GOAL OF THE EXERCISE:
Don't include pictures. Quote the lines below from the first through the line that contains "Ce placard au".

EXERCISE DATA:

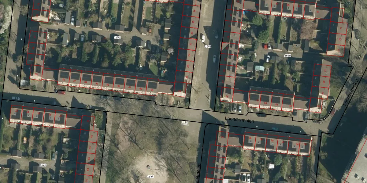 Loondermolen 53 is gelegen op kadastraal perceel WSL01K1642. Deze kadastrale aanduiding is uniek en wordt gebruikt door het Kadaster om eigendomsrechten en andere zakelijke rechten vast te leggen. Het perceel maakt onderdeel uit van de kadastrale gemeente Woensel.
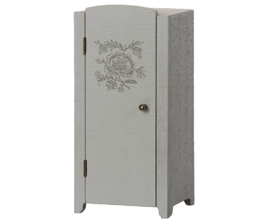Ce placard au look vintag a un bel imprimé de fleurs en relief sur le devant et un beau papier paint imprimé à l’intérieur. Ce placard d’intègre dans la maison de poupée Maileg.
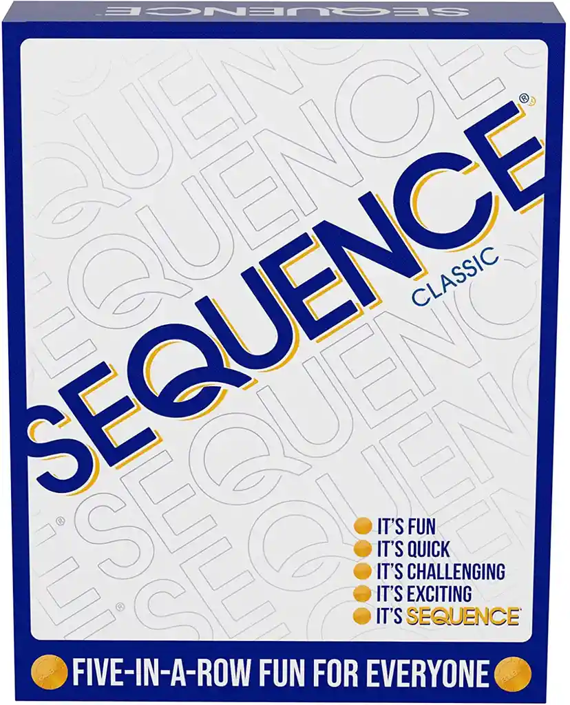 Empaque de regalo sin costo adicional, escríbenos al finalizar la compra. 7 años + Es divertido, es desafiante, es emocionante, es secuencia! Juega una carta de tu mano y coloca un chip en un espacio correspondiente en el tablero de juego. Cuando tienes cinco en una fila, es una secuencia. Aprende a bloquear a tus oponentes o eliminar sus fichas, y ten cuidado con los Jacks - ¡Son salvajes! Con un poco de estrategia y suerte, serás un ganador. Contenido: 1 tablero de juego plegable, 2 barajas de secuencia, 135 fichas de juego, instrucciones completas
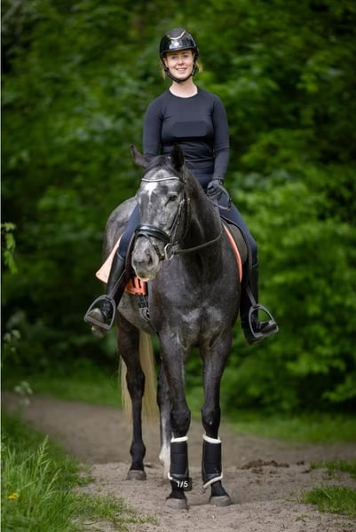 Z wielkim bólem w sercu wystawiam tę ofertę i oferuję mojego najdroższego Henry'ego na sprzedaż lub pełnoetatowy leasing. Henry to angielski pełnokrwiasty ogier o wysokości 157 cm, mający 4 lata, choć na pierwszy rzut oka trudno to zauważyć. Spędziłem z nim prawie rok, podczas którego bardzo się rozwinął zarówno fizycznie, jak i mentalnie. Przyjechał do mnie już z ujeżdżonym, i wspólnie osiągnęliśmy etap, na którym został wytrenowany i opanował podstawowe umiejętności jako koń rekreacyjny. Niestety, im dalej posuwamy się w treningu, tym bardziej widzę, że podczas jazdy nie czujemy chemii – co jest dla mnie bardzo bolesne, bo Henry to naprawdę wspaniały koń. Po dłuższym namyśle doszedłem do wniosku, że zasługuje na innego właściciela, z którym będzie mógł nawiązać lepszą więź. Henry jest bardzo grzeczny podczas czyszczenia, zawsze chętny do kontaktu i ma w sobie odrobinę charakteru – czasami bywa uparty, jak typowy dwulatek. Mimo to jest bardzo cierpliwy i tolerancyjny: nie ma problemu z wizytami weterynarza, kowala czy jeźdźca. Zawsze słyszeliśmy, że jest niezwykle łagodny i przyjazny! Podczas jazdy Henry radzi sobie świetnie, zawsze stara się dać z siebie wszystko i szybko się uczy. W ujeżdżeniu opanował podstawy, a obecnie ma już odpowiednią równowagę i tempo, co pozwala mu na coraz lepsze podporządkowanie się podczas jazdy. Traktowaliśmy trening spokojnie, skupiając się na tym, żeby jazda była przyjemnością, a nie tylko na dokładności. W hali woli raczej wolniejszą pracę niż zbyt szybkie tempo. Na wycieczkach na zewnątrz jest bardzo spokojny i pewny siebie. Nie boi się niczego, potrafi iść na czele, a nawet jeśli inny koń odpadnie do tyłu, Henry potrafi się zatrzymać i go zatrzymać – zawsze ma hamulec. Potrafi też bardzo szybko biegać, jeśli tego chcesz! Gdy Henry miał dwa lata, niestety doznał urazu ścięgna w jednej z tylnych nóg. Jego poprzednia właścicielka dała mu czas na pełne wyzdrowienie przed rozpoczęciem treningu ujeżdżeniowego. Obecnie nie odczuwa żadnych dolegliwości. Jego kopyta są nieco wrażliwe, dlatego na zalecenie kowala założono mu podkowy. Poza tym kopyta radzą sobie dobrze, choć Henry nie przepada za ich noszeniem. Jest w pełni zdrowy. Badanie kliniczne nigdy nie było wykonane, ale jest możliwe przy poważnym zainteresowaniu (k.k). Może być w stadzie (jest raczej podgryzany, więc potrzebuje dobrze zbilansowanej grupy) i może stać na trawie. Oferuję go wraz z pełnym wyposażeniem, w tym siodłem. Dla mnie ważniejszy jest dobry dom niż cena, dlatego w przypadku odpowiedniego miejsca jest ona do negocjacji. Czy myślisz, że możesz zapewnić mu odpowiedni dom? Jeśli tak, proszę o wiadomość, w której przedstawisz się, opiszesz, co możesz zaoferować i jakie masz doświadczenie z końmi.

RESPONSE BOX:
 Loondermolen 53 is gelegen op kadastraal perceel WSL01K1642. Deze kadastrale aanduiding is uniek en wordt gebruikt door het Kadaster om eigendomsrechten en andere zakelijke rechten vast te leggen. Het perceel maakt onderdeel uit van de kadastrale gemeente Woensel.
Ce placard au look vintag a un bel imprimé de fleurs en relief sur le devant et un beau papier paint imprimé à l’intérieur. Ce placard d’intègre dans la maison de poupée Maileg.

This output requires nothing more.